*** SUPPLIED MATERIAL ***

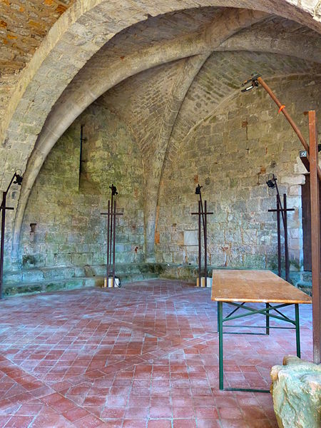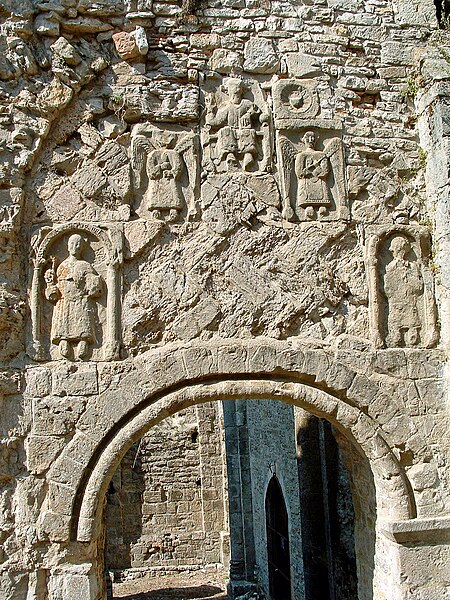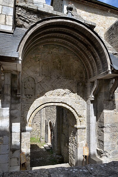 L'église ; les ruines des cloîtres contigüs à l'église et les ruines attenant aux cloîtres : classement par arrêté du 20 novembre 1906 - Les immeubles aux abords de l'église (cad. E 424, 425) : classement par arrêté du 31 mai 1939 - La porte sud de l'enceinte, c'est-à-dire les deux maisons anciennes, le mur auquel ces maisons sont adossées et la partie dont ce mur est percé (cad. E 414, 444) : inscription par arrêté du 13 janvier 1965
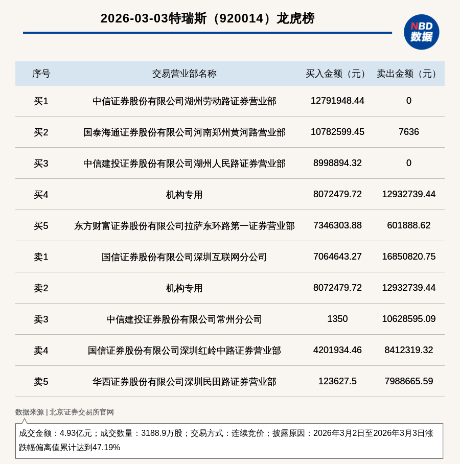 每經(jīng)訊,2026年3月3日,北交所上市公司特瑞斯(920014,收盤價:17.81元)登上龍虎榜,交易方式是連續(xù)競價,披露原因是2026年3月2日至2026年3月3日漲跌幅偏離值累計(jì)達(dá)到47.19%,成交數(shù)量3188.9萬股,成交金額4.93億元。買一席位為中信證券股份有限公司湖州勞動路證券營業(yè)部,買入1279.19萬元;賣一席位為國信證券股份有限公司深圳互聯(lián)網(wǎng)分公司,賣出1685.08萬元。
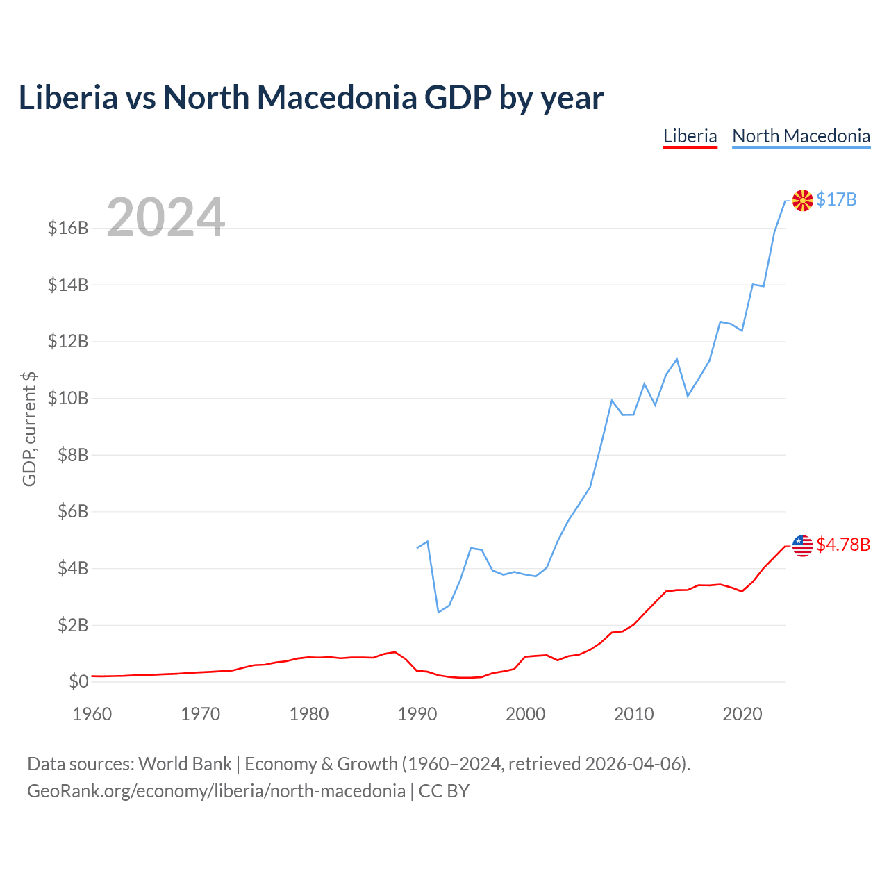 Liberia has a GDP of $4.78B compared to $17B for North Macedonia, ranking 163/197 and 138/197 by economy size, respectively.

*** End of SUPPLIED MATERIAL ***

• [THE PROBLEM] Everything in the data above gets copied exactly. Only the pictures are skipped.

• [WRITTEN SOLUTION]
 L'église ; les ruines des cloîtres contigüs à l'église et les ruines attenant aux cloîtres : classement par arrêté du 20 novembre 1906 - Les immeubles aux abords de l'église (cad. E 424, 425) : classement par arrêté du 31 mai 1939 - La porte sud de l'enceinte, c'est-à-dire les deux maisons anciennes, le mur auquel ces maisons sont adossées et la partie dont ce mur est percé (cad. E 414, 444) : inscription par arrêté du 13 janvier 1965
 每經(jīng)訊,2026年3月3日,北交所上市公司特瑞斯(920014,收盤價:17.81元)登上龍虎榜,交易方式是連續(xù)競價,披露原因是2026年3月2日至2026年3月3日漲跌幅偏離值累計(jì)達(dá)到47.19%,成交數(shù)量3188.9萬股,成交金額4.93億元。買一席位為中信證券股份有限公司湖州勞動路證券營業(yè)部,買入1279.19萬元;賣一席位為國信證券股份有限公司深圳互聯(lián)網(wǎng)分公司,賣出1685.08萬元。
 Liberia has a GDP of $4.78B compared to $17B for North Macedonia, ranking 163/197 and 138/197 by economy size, respectively.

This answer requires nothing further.